The five proposals are presented online on the standalone Tidal Basin Ideas Lab website, which has been curated by Donald Albrecht and Thomas Mellins. There, visitors can read about and see images of the designs, but they can also provide feedback on which design strategies are most appealing to them, such as creating wetlands and marshes to restore the landscape's ecology, for instance, or keeping the landscape as it is.
Short video presentations from each firm are embedded below, with design concepts quoted from a National Trust press release.
Presented by Susannah C. Drake, DLANDstudio's proposal "proposes new physical and visual connections that will reorient the flow of visitors and create new pathways through the basin, including building a land bridge between the Jefferson Memorial and the White House; forming a jetty in the Potomac River off the Lincoln Memorial housing the relocated memorial to Martin Luther King, Jr.; and cultivating sponge park wetlands, a reflective weir and green security wall to protect upland monuments, landscapes, and museums."
Presented by Kathryn Gustafson, GGN's proposal "envisions a dynamic series of incremental changes that will adapt the site to the environmental challenges of the future and give rise to a new cultural aesthetic.
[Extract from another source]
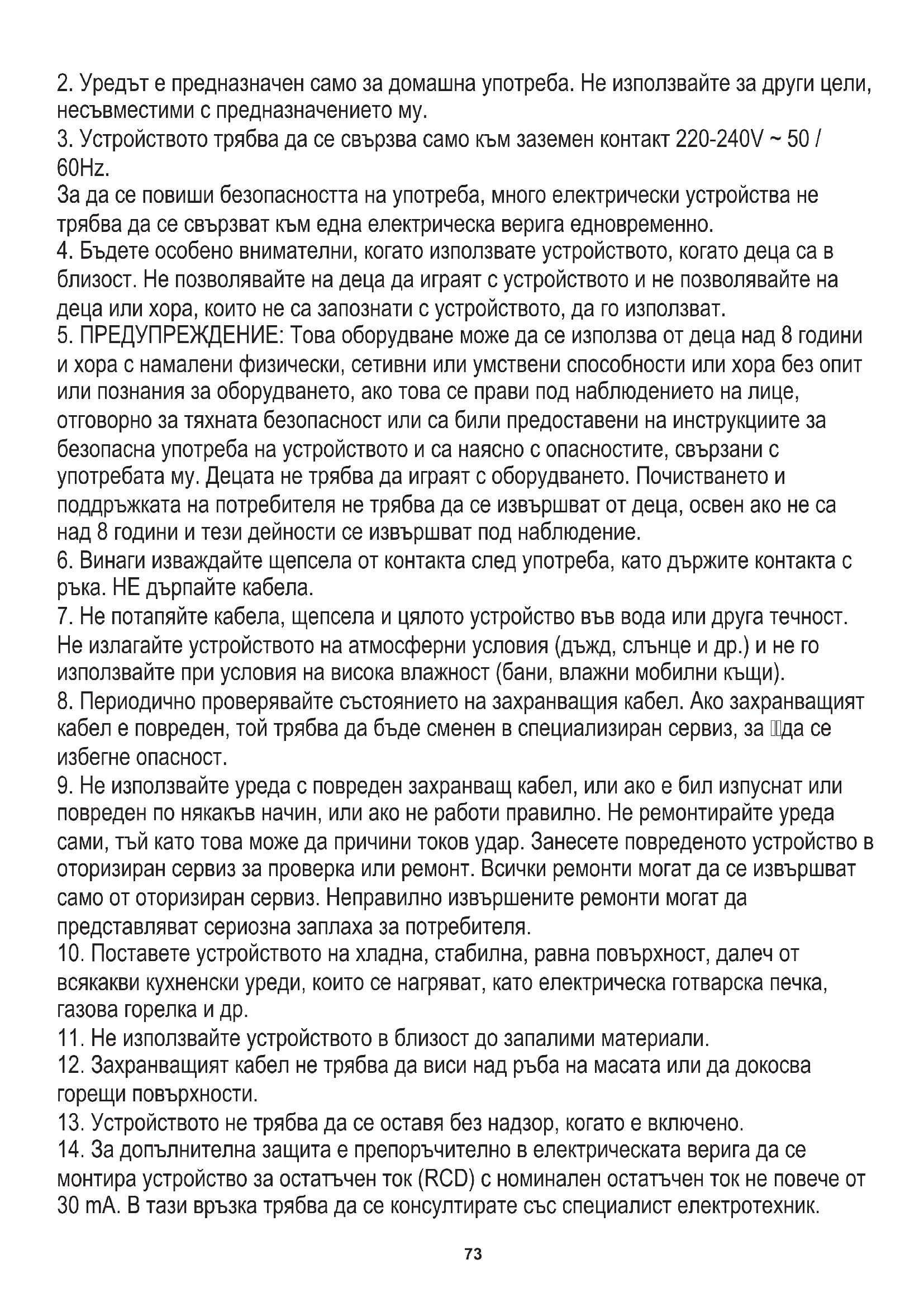 следвайте инструкциите, съдържащи се в тях. Производителят не носи отговорност за каквито и да било щети, причинени от употребата на уреда, противоречаща на предназначението му или неправилна експлоатация. ОБЩИ УСЛОВИЯ ЗА БЕЗОПАСНОСТ (BG) БЪЛГАРСКИ73
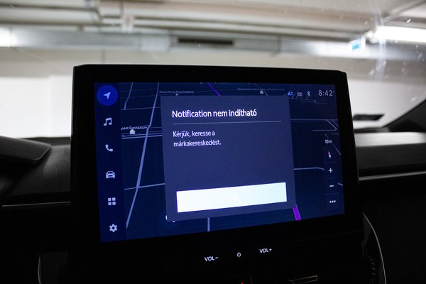 Még bőven a kereskedés egyik munkatársával beszélgettem járó motor mellett, mikor megjelent egy hibaüzenet az infotainment kijelzőn: „Szoftverfrissítés sikertelen. Kérjük, próbálja újra később.” Persze egyből szóltam is mellettem állónak, aki először a fejét vakarta. Az üzenet végül leokézás után eltűnt, majd két perc múlva ismét megjelent. Ezt még eljátszottuk párszor, ugyanezzel az eredménnyel. Kisvártatva egy második hibaüzenet is jelentkezett: „Notification nem indítható. Kérjük, keresse a márkakereskedést.”

Achieved over three stages between today and 2090, this adaptive plan will accommodate forecasted sea level rise and will integrate regional ecologies to bring an overdue, ecological point of view. Monuments will be adapted, protected, or relocated to ensure the national importance of this collective space."
Presented by Walter Hood, Hood Design Studio's "proposes three 'anthems': 'Tell the Truth!' seeks to replace romantic and baroque design with stories of perseverance and resiliency; 'Let the Waters Be Free' restores narratives of how the wetlands were valued by indigenous and enslaved peoples; and 'Invention: Making New Things' asks if the Tidal Basin can trigger a national ethic that centers on rebuilding our urban ecologies."
Presented by James Corner, James Corner Field Operations' proposal "offers three potential ways to handle and mitigate rising water levels: (1) preserve the site with an escalated regimen of maintenance and engineering; (2) allow the site to flood, creating a landscape in which entropy is on display; or (3) balance preservation with the acceptance of future instability and climate change by treating the memorials as islands within the Tidal Basin."
Presented by Gary Hilderbrand and Eric Kramer, Reed Hilderbrand's proposal "focuses on the influential 1902 McMillan Plan for the development of the Washington D.C. parks system and its monumental core, guided by the idea of creating a “Washington Commons” -- a vast complex of recreational facilities. Encouraging a variety of experiences, the plan features three pathways: an uplands Cherry Walk, where the cherished trees will be relocated, a Memorial Walk, and a Marsh Walk. A new land form, Independence Rise, accommodates rising water levels, while a pedestrian bridge connects back to the city."